If you want to help your child respond to joint attention, try to get your child’s attention in the gentlest way. For example, if your child is playing with a toy and you really want to show them the boats out the window, you can say, “Hey, look at those boats” or simply point to the boats and see if your child looks. If your child does look at the boats, immediately praise this behavior. You can say, “Oh, I am so excited you like boats too” or “I am so glad you are here with me, and we can enjoy these boats together.” Again, you are showing your child that it is important to join other people in their experiences.
If you are doing these activities and your child is truly not responding, treatment may be needed. Early intervention, meaning getting help while your child is still young, has the best outcomes for improvement in this area.
Organizing (also known as executive functions) in childhood refers to the child’s set of thinking skills that include planning, initiating tasks, self-monitoring, paying attention, and using effective problem-solving approaches.
What To Do:
DO keep instructions simple when you can. Give one direction at a time, have a structure and definition for tasks you expect your child to complete. If you say ‘clean your room,’ have a chart with clothes hanging in the closet, Legos in the Lego bin, and the bed made.
DO use a lot of charts and visuals. Having a chore chart, a bathroom routine chart, or a homework chart that allows you and your child to see the tasks, check them off and earn praise or reward is a great idea for a child who has trouble with organization.
DO give immediate positive feedback and reinforcement to your child whenever you can. Keep in mind the idea that we should have five positive things to say to our child for every negative or critical statement we make.
DO help your child maintain a calendar and a schedule. Start early with a calendar with the school or preschool schedule, plus holidays, plans for days off, dentist appointments, etc. Have your child help draw the icons, mark off days to a fun trip, etc. This experience will help them later on with longer assignments and planning.
DO use timers and reminders/warnings about time to shift.

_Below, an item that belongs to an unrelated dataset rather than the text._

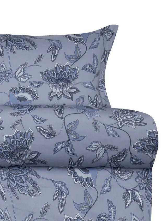 Hoie Mille -satinipussilakanasetti denimin sinisessä sävyssä tuo makuuhuoneeseesi rauhallisen ja ylellisen tunnelman. Kankaana käytetty sileää ja laadukasta satiinia, joka on valmistettu erittäin ohuista ja pitkäkuituisista puuvillakuiduista. Tämä tarjoaa iholle silkinpehmeän, kiiltävän ja miellyttävän kosketuksen. Setin elegantti kukkakuviointi, puutarhan inspiroima, antaa huoneelle miellyttävän eloisan ja raikkaan tunnelman.

Even though you do it every night, use a timer to signal the end of free time or TV time and give warnings before expecting your child to shift to PJs, brush teeth, etc. Wait out the protests. Echo that you get it, that you know it is hard to stop doing fun things.
DO have an organized space used only for homework/ work assignments. Whether it is a desk in the bedroom organized for schoolwork or a small lap desk with a lid that can store pencils, paper, calculator, etc., help your child have a dedicated space. Do not have your child do assignments in a noisy room with TV, music, etc. If your child does need music to focus, try instrumental. Set the stage with a routine for getting work done.
DO have a space for the backpack or school bag. Have a system to check for assignments and a place to put completed work. Have a section or folder of the backpack for assignments and another section for what to turn in the next day at school. After your child has had a snack and a break, review the backpack and address anything that needs to be done for the next day.
DO reward your child for engaging in quarterly clean and organize sessions. Go through the desk, closet, and dresser regularly so that your child’s life is not covered in clutter. They will not be organized if they can’t find anything themselves.
DON’T be vague in your directions. Be specific. So do not say, ‘clean up this mess of a room.’ Give specific tasks and give them one at a time or provide a shortlist.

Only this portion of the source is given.